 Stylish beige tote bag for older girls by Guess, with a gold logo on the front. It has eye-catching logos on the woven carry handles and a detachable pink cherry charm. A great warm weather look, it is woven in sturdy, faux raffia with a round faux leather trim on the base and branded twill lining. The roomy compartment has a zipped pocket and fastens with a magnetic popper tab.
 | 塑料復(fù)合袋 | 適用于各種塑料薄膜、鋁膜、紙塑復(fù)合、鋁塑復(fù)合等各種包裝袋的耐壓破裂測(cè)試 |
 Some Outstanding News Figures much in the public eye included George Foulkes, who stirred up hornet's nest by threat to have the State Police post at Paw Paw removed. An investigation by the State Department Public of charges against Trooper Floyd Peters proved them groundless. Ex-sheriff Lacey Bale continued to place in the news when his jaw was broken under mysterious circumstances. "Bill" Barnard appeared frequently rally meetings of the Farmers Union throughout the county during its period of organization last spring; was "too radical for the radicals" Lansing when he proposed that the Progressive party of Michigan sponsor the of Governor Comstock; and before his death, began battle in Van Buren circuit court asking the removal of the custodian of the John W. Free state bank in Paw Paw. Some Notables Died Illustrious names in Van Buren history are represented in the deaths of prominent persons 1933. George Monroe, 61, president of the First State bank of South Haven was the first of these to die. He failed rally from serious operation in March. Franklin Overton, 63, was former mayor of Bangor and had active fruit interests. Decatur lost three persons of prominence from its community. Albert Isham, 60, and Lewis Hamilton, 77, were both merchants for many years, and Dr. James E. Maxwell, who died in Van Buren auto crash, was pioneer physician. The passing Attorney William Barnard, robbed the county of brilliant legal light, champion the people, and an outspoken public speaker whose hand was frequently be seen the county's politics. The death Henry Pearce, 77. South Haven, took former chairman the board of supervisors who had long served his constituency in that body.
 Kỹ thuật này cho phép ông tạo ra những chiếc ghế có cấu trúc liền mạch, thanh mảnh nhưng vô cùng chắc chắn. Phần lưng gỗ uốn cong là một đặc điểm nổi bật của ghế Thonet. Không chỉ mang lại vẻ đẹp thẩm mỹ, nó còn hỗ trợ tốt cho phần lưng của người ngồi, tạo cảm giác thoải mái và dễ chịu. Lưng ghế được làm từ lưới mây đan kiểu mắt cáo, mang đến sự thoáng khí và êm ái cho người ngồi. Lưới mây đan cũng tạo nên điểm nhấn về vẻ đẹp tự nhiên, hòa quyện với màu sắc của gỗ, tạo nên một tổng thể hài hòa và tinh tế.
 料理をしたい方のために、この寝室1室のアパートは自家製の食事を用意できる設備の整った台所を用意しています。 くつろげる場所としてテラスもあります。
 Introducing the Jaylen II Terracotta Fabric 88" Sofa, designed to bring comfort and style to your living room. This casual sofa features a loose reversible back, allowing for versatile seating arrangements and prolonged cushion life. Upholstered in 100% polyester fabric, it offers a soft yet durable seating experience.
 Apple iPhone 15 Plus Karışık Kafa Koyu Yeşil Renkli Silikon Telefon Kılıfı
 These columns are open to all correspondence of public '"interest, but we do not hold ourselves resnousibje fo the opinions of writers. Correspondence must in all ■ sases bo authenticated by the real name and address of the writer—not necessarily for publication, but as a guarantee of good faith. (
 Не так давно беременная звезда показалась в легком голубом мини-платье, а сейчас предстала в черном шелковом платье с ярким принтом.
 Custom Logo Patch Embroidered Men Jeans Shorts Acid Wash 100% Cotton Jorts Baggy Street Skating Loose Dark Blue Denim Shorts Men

▶ [To do] Transcribe the whole listing with every word preserved.

▶ [Response area]
 Stylish beige tote bag for older girls by Guess, with a gold logo on the front. It has eye-catching logos on the woven carry handles and a detachable pink cherry charm. A great warm weather look, it is woven in sturdy, faux raffia with a round faux leather trim on the base and branded twill lining. The roomy compartment has a zipped pocket and fastens with a magnetic popper tab.
 | 塑料復(fù)合袋 | 適用于各種塑料薄膜、鋁膜、紙塑復(fù)合、鋁塑復(fù)合等各種包裝袋的耐壓破裂測(cè)試 |
 Some Outstanding News Figures much in the public eye included George Foulkes, who stirred up hornet's nest by threat to have the State Police post at Paw Paw removed. An investigation by the State Department Public of charges against Trooper Floyd Peters proved them groundless. Ex-sheriff Lacey Bale continued to place in the news when his jaw was broken under mysterious circumstances. "Bill" Barnard appeared frequently rally meetings of the Farmers Union throughout the county during its period of organization last spring; was "too radical for the radicals" Lansing when he proposed that the Progressive party of Michigan sponsor the of Governor Comstock; and before his death, began battle in Van Buren circuit court asking the removal of the custodian of the John W. Free state bank in Paw Paw. Some Notables Died Illustrious names in Van Buren history are represented in the deaths of prominent persons 1933. George Monroe, 61, president of the First State bank of South Haven was the first of these to die. He failed rally from serious operation in March. Franklin Overton, 63, was former mayor of Bangor and had active fruit interests. Decatur lost three persons of prominence from its community. Albert Isham, 60, and Lewis Hamilton, 77, were both merchants for many years, and Dr. James E. Maxwell, who died in Van Buren auto crash, was pioneer physician. The passing Attorney William Barnard, robbed the county of brilliant legal light, champion the people, and an outspoken public speaker whose hand was frequently be seen the county's politics. The death Henry Pearce, 77. South Haven, took former chairman the board of supervisors who had long served his constituency in that body.
 Kỹ thuật này cho phép ông tạo ra những chiếc ghế có cấu trúc liền mạch, thanh mảnh nhưng vô cùng chắc chắn. Phần lưng gỗ uốn cong là một đặc điểm nổi bật của ghế Thonet. Không chỉ mang lại vẻ đẹp thẩm mỹ, nó còn hỗ trợ tốt cho phần lưng của người ngồi, tạo cảm giác thoải mái và dễ chịu. Lưng ghế được làm từ lưới mây đan kiểu mắt cáo, mang đến sự thoáng khí và êm ái cho người ngồi. Lưới mây đan cũng tạo nên điểm nhấn về vẻ đẹp tự nhiên, hòa quyện với màu sắc của gỗ, tạo nên một tổng thể hài hòa và tinh tế.
 料理をしたい方のために、この寝室1室のアパートは自家製の食事を用意できる設備の整った台所を用意しています。 くつろげる場所としてテラスもあります。
 Introducing the Jaylen II Terracotta Fabric 88" Sofa, designed to bring comfort and style to your living room. This casual sofa features a loose reversible back, allowing for versatile seating arrangements and prolonged cushion life. Upholstered in 100% polyester fabric, it offers a soft yet durable seating experience.
 Apple iPhone 15 Plus Karışık Kafa Koyu Yeşil Renkli Silikon Telefon Kılıfı
 These columns are open to all correspondence of public '"interest, but we do not hold ourselves resnousibje fo the opinions of writers. Correspondence must in all ■ sases bo authenticated by the real name and address of the writer—not necessarily for publication, but as a guarantee of good faith. (
 Не так давно беременная звезда показалась в легком голубом мини-платье, а сейчас предстала в черном шелковом платье с ярким принтом.
 Custom Logo Patch Embroidered Men Jeans Shorts Acid Wash 100% Cotton Jorts Baggy Street Skating Loose Dark Blue Denim Shorts Men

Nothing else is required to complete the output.